Breach and Attack Simulation and penetration testing are both approaches to security validation.

Penetration testing, which is most commonly performed by human ethical hackers, is focused on discovering and exploiting vulnerabilities in systems, networks and applications. BAS, on the other hand, is fully automated and used to simulate specific threats such as ransomware and test the effectiveness of security controls against them.

Picus Security’s approach to attack simulation means that simulating threats is practically risk-free.

Typically, simulations rely on agents deployed on specific endpoints in your environment. They allow for a wide range of attack techniques to be simulated. The attack simulations are completely safe and do not target and alter production systems.

Security control validation describes the process of testing and optimizing cyber security controls. With security control validation, security teams can measure the effectiveness of prevention and detection controls and understand if they provide coverage against the latest cyber threats.  Proactive identification of threat coverage and visibility gaps enables security teams to address exposures before attackers can exploit them.

Ever-evolving attack techniques and constant changes in IT environments mean security control validation is essential to quantify cyber risk and optimize threat readiness. Only by validating controls consistently can security teams keep pace with the latest threats and discover gaps before attackers do.

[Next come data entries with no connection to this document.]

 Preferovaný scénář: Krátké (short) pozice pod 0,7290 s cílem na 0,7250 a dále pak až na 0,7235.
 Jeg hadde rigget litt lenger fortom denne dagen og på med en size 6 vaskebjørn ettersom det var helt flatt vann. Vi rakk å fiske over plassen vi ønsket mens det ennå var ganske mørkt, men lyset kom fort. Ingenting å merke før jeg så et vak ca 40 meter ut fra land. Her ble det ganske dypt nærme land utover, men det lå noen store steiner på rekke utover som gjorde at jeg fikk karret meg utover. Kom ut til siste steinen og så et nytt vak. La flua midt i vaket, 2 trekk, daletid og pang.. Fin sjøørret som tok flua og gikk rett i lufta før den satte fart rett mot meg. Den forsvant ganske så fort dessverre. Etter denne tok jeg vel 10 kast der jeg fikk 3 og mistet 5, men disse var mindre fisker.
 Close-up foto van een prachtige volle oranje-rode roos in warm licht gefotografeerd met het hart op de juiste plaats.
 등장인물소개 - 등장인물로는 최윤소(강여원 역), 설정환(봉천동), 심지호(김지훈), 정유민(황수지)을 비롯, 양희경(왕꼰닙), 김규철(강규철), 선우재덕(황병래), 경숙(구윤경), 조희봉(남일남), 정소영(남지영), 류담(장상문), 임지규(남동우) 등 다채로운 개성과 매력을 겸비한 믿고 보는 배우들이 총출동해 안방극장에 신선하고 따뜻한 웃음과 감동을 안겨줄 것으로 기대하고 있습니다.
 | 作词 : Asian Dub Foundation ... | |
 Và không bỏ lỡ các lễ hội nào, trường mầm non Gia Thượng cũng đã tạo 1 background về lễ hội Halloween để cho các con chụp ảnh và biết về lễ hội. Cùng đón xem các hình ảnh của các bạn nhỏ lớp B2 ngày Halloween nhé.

In order to keep pace with the evolving threat landscape and changes in IT, security control validation should be performed regularly. At a minimum, validation should be performed weekly as well as in response to new emerging threats and configuration changes to prevention and detection security controls.

Traditional security assessments such as vulnerability scanning and penetration testing are focused on the discovery of vulnerabilities and misconfigurations in networks, systems and applications. The purpose of security control validation assessments is not to Identify vulnerabilities but instead validate the effectiveness of security controls to prevent and detect cyber attacks.

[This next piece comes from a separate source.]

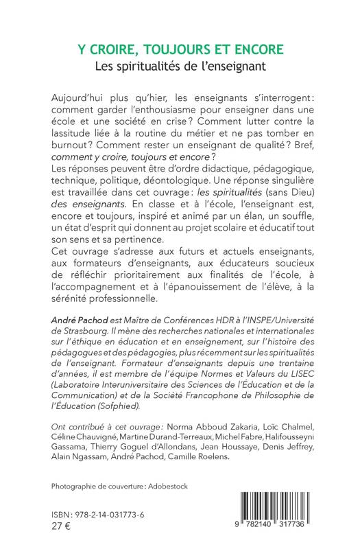 Aujourd'hui plus qu'hier, les enseignants s'interrogent: comment garder l'enthousiasme pour enseigner dans une école et une société en crise ? Comment lutter contre la lassitude liée à la routine du métier et ne pas tomber en burnout ? Comment rester un enseignant de qualité ? Bref, comment y croire, toujours et encore ? Les réponses peuvent être d'ordre didactique, pédagogique, technique, politique, déontologique. Une réponse singulière est travaillée dans cet ouvrage: les spiritualités (sans Dieu) des enseignants. En classe et à l'école, l'enseignant est, encore et toujours, inspiré et animé par un élan, un souffle, un état d'esprit qui donnent au projet scolaire et éducatif tout son sens et sa pertinence. Cet ouvrage s'adresse aux futurs et actuels enseignants, aux formateurs d'enseignants, aux éducateurs soucieux de réfléchir prioritairement aux finalités de l'école, à l'accompagnement et à l'épanouissement de l'élève, à la sérénité professionnelle.

To comply with the latest information and data security regulations and standards, organizations must proactively test the effectiveness of security controls and processes. In Europe, The General Data Protection Regulation (GDPR) states that organizations should have a process for regularly testing, assessing and evaluating the effectiveness of technical and organizational measures. ISO-27001, the PCI DSS, and frameworks such as NIST 800-53 also have similar requirements.

To reduce cyber risk, security teams should validate as many network and endpoint security controls as possible. Many organizations start by validating the ability of prevention controls such as firewalls, intrusion prevention systems, and antivirus to block network infiltration and email threats. Validation of EDR and SIEM provides additional assurance by assessing detection capabilities, such as whether detection rules reliably generate alerts when specific adversary behaviors are identified.